─── Data supplied
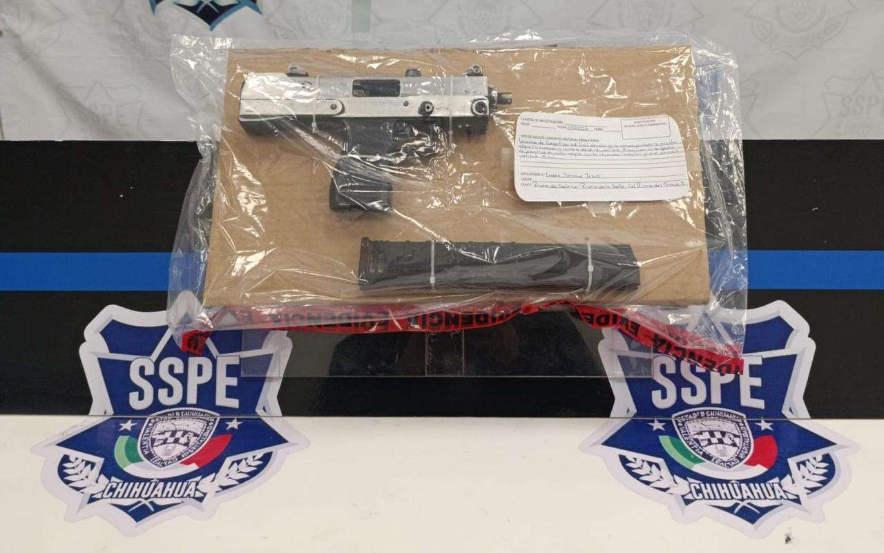 Ciudad Juárez.- Elementos de la Secretaría de Seguridad Pública del Estado (SSPE), a través de la Subsecretaría de Despliegue Policial, detuvieron a un masculino por violación a la Ley Federal de Armas de Fuego y Explosivos en Ciudad Juárez, tras asegurarle un arma tipo subfusil calibre 9 milímetros y un cargador abastecido, durante acciones de vigilancia en el Distrito Riveras.
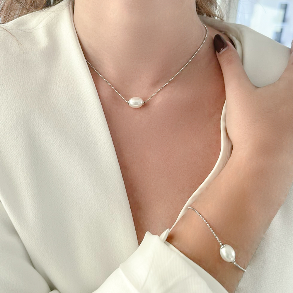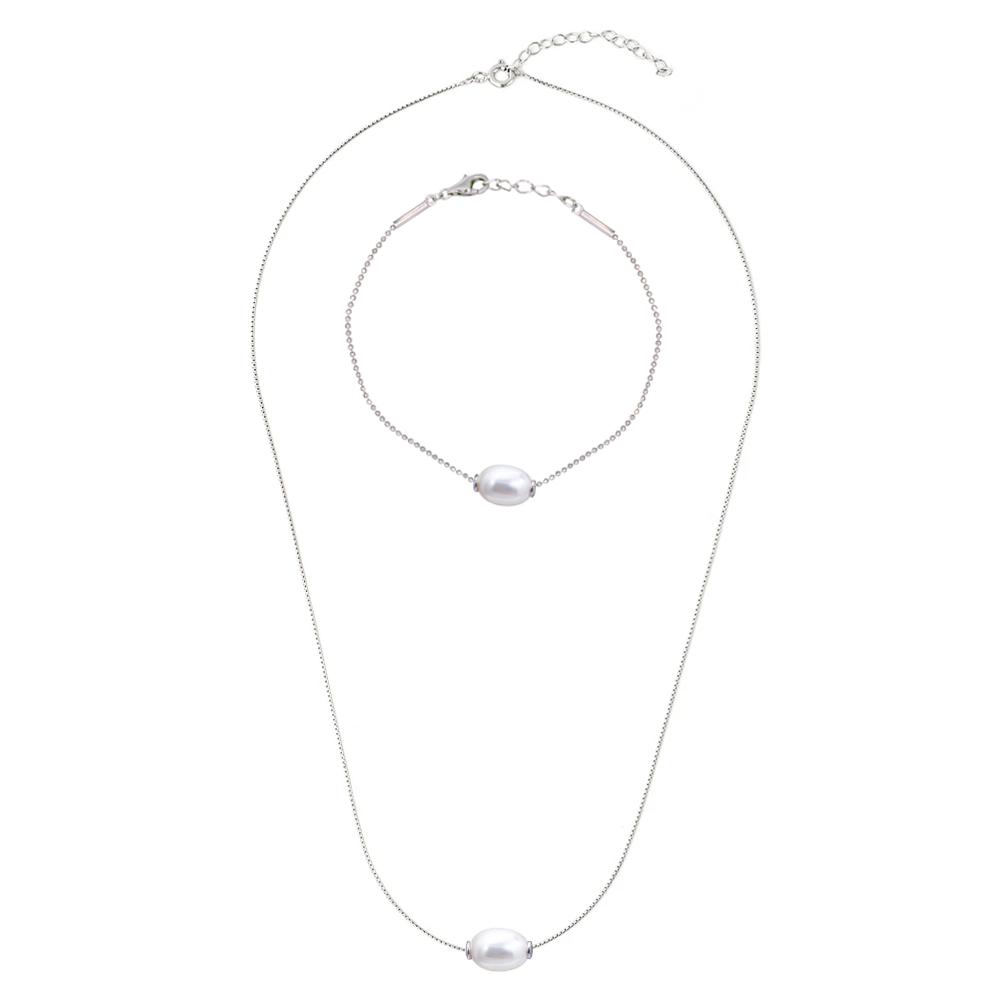 Σετ κολιέ και βραχιόλι με λευκά μαργαριτάρια σε ασήμι 925 - S125253
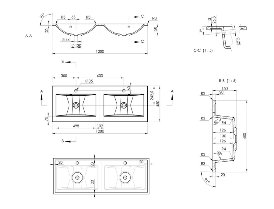 | Typ umývadla | Dvojumývadlo |
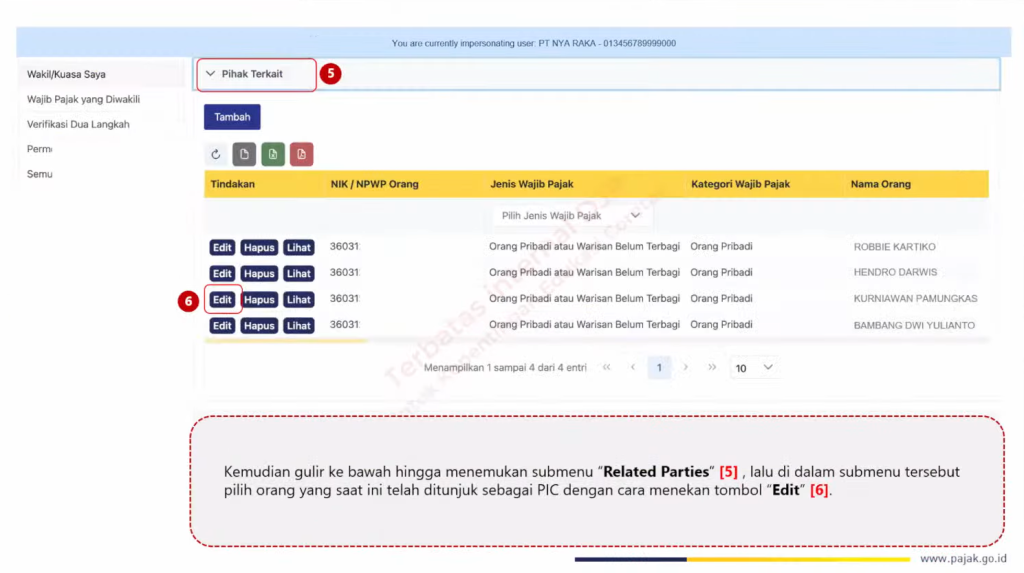 Pada submenu Pihak Terkait atau Related Parties, pilih akun orang pribadi yang saat ini ditunjuk sebagai PIC. Lalu, pilih tombol Edit.
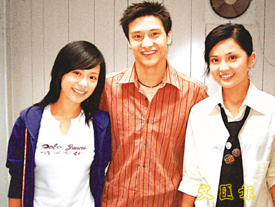 Diving world champion of China Tian Liang poses with Hong Kong pop group "Twins"[qianlong.com]
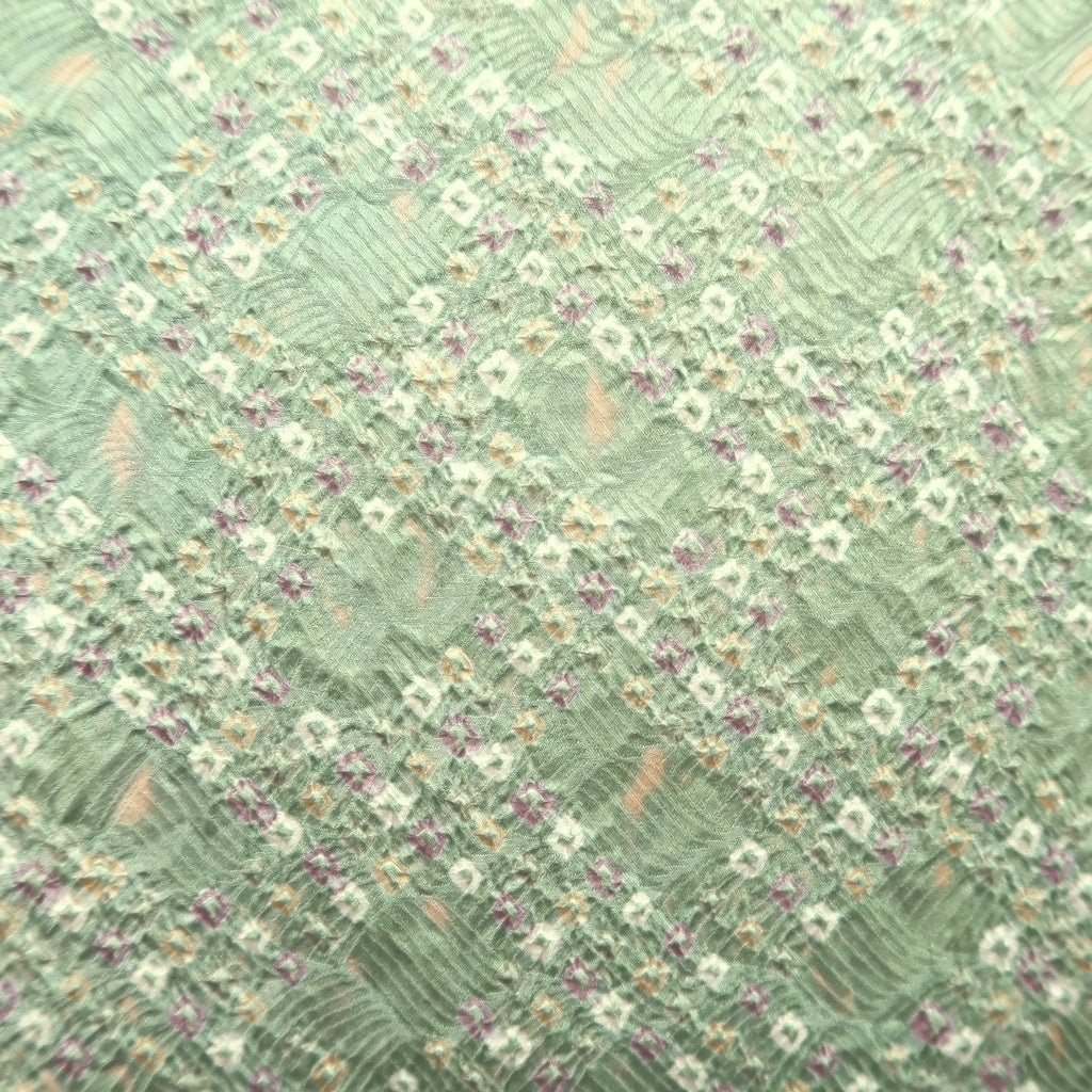 The fabric is a mid-weight Silk, smooth-textured with a slightly puffy and lustrous finish typical of hand tied tie-dye (shibori).
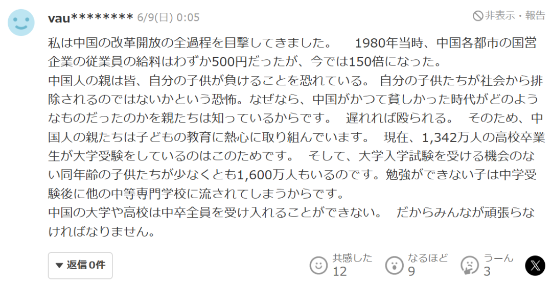 我見證了中國改革開放的整個過程。1980年中國國營企業員工的工資僅為500日元,但如今工資已經上漲了150倍。所有的父母都害怕自己的孩子失敗,擔心孩子被社會排斥在外。因為父母知道中國窮的時候是什麼樣子,落後就得捱打。所以中國家長在孩子教育上下了不少功夫,這就是為什麼目前有1342萬高中畢業正在參加高考,而至少還有1600萬的同齡孩子沒有機會參加高考,這是因為,不喜歡學習的孩子在中學畢業後就會被送往其他中等職業學校。中國的大學和高中不能接收所有的初中畢業生,所以每個人都必須盡力而為。
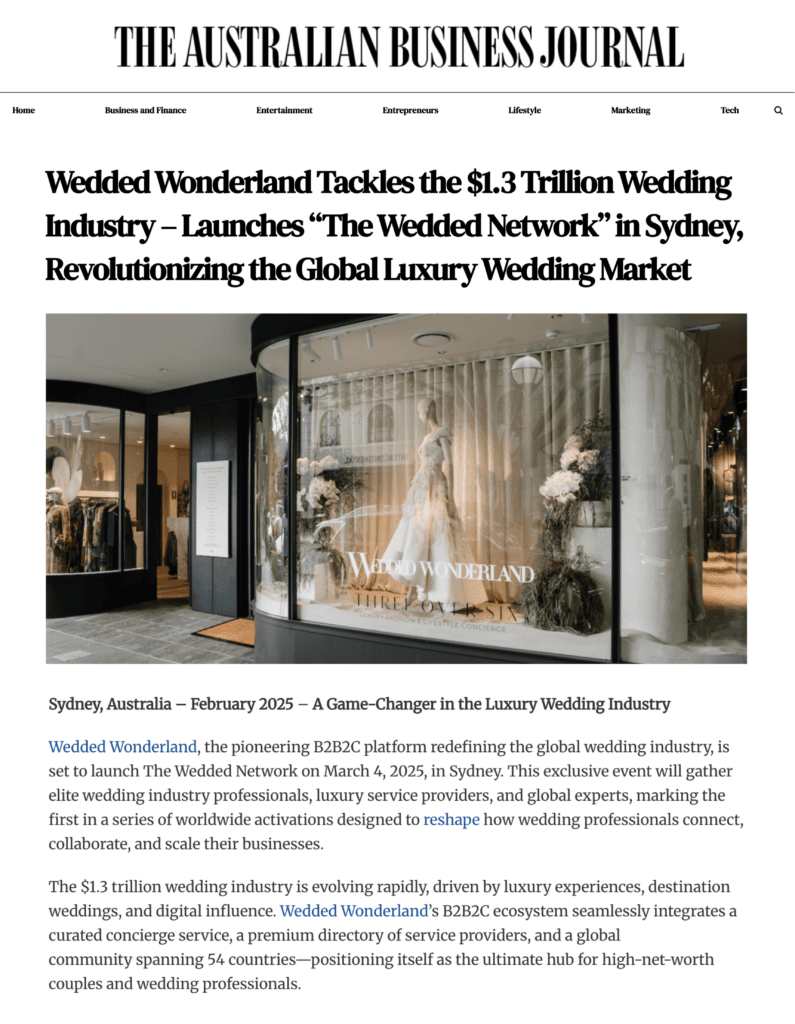 Wedded Wonderland has been featured in the Australian Business Journal for its groundbreaking initiative, The Wedded Network. As a leader in the luxury wedding industry, Wedded Wonderland continues to redefine the global wedding space by creating a seamless ecosystem for high-net-worth couples and wedding professionals.
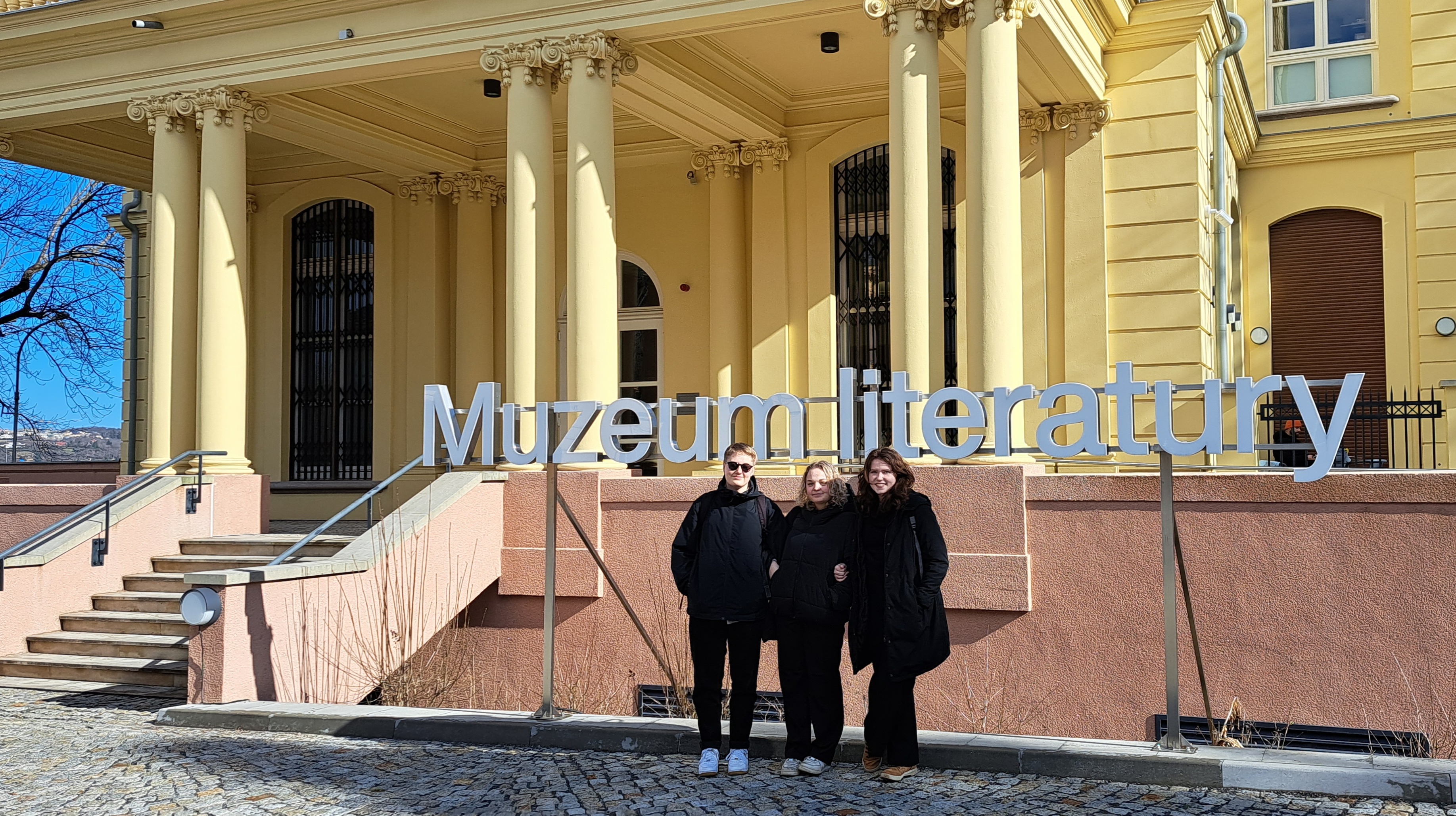Už po cestě metrem a tramvají se četbou informační brožurky připravujeme na naše první zastavení, kterým je Muzeum literatury. Naplněni očekáváním se dostáváme na Hradčanskou, pěšky to k muzeu není daleko a procházka mezi vznešenými domy je více než zajímavá. Muzeum literatury sídlí v bubenečské Petschkově vile teprve od loňského roku, což je na celém, nově zrekonstruovaném prostoru opravdu znát. Moderně pojatá expozice s mnohými interaktivními prvky a všudypřítomnými knihami nás opravdu oslovila. Proplétali jsme se mezi jednotlivými místnostmi, které vždy zachycují konkrétní období vývoje české literatury. Obdivovali jsme věci (např. žehličku z domácnosti Boženy Němcové, psací brk Josefa Dobrovského či krabičku s kadeří vlasů Karla Havlíčka Borovského), které patřily českým velikánům, kteří sice už nechodí mezi námi, ale jejich díla zdobí naše knihovny dodnes. Dokážete si představit, jak by se asi Mácha zapojil do naší doby? Jak by se oblékal? Jak by tvořil? S kým by se kamarádil? I takovou představu vám v muzeu pomohou vytvořit. Na konci čeká na návštěvníky hra s písmenky na magnetické tabuli. I my zde zanecháváme vzkazy stejně jako ti před námi. Expozice představí návštěvníkovi dějiny české literatury od dob národního obrození až po 20. století.
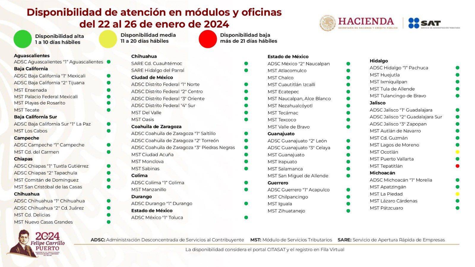 El Servicio de Admimistración Tributaria (SAT), dio a conocer a través de su cuenta oficial de X, el listado de disponibilidad de citas para atención presencial en los módulos y oficinas desconcentradas en las 32 entidades del país. La disponibilidad corresponde a la semana del 22 al 26 de enero:Aquí te compartimos la lista de los módulos y la disponibilidad de las diferentes entidades, incluyendo Jalisco:El SAT recuerda a los usuarios que los trámites son gratuitos y que garantiza tu cita a través de la fila virtual.Las personas de la tercera edad, con discapacidad y mujeres embarazadas o con menores lactantes, no requieren cita para la atención de sus trámites.Únicamente la inscripción al RFC y la generación de firma electrónica, requieren atención presencial, señala el SAT.*Mantente al día con las noticias, únete a nuestro canal de WhatsApp aquí: https://whatsapp.com/channel/0029VaAf9Pu9hXF1EJ561i03MV
──────
- **Problem requirements**
Only the lines from the start of the material through the line containing "umývadla | Dvojumývadlo |" should be transcribed. Pictures stay out.

- **Response**
 Ciudad Juárez.- Elementos de la Secretaría de Seguridad Pública del Estado (SSPE), a través de la Subsecretaría de Despliegue Policial, detuvieron a un masculino por violación a la Ley Federal de Armas de Fuego y Explosivos en Ciudad Juárez, tras asegurarle un arma tipo subfusil calibre 9 milímetros y un cargador abastecido, durante acciones de vigilancia en el Distrito Riveras.
 Σετ κολιέ και βραχιόλι με λευκά μαργαριτάρια σε ασήμι 925 - S125253
 | Typ umývadla | Dvojumývadlo |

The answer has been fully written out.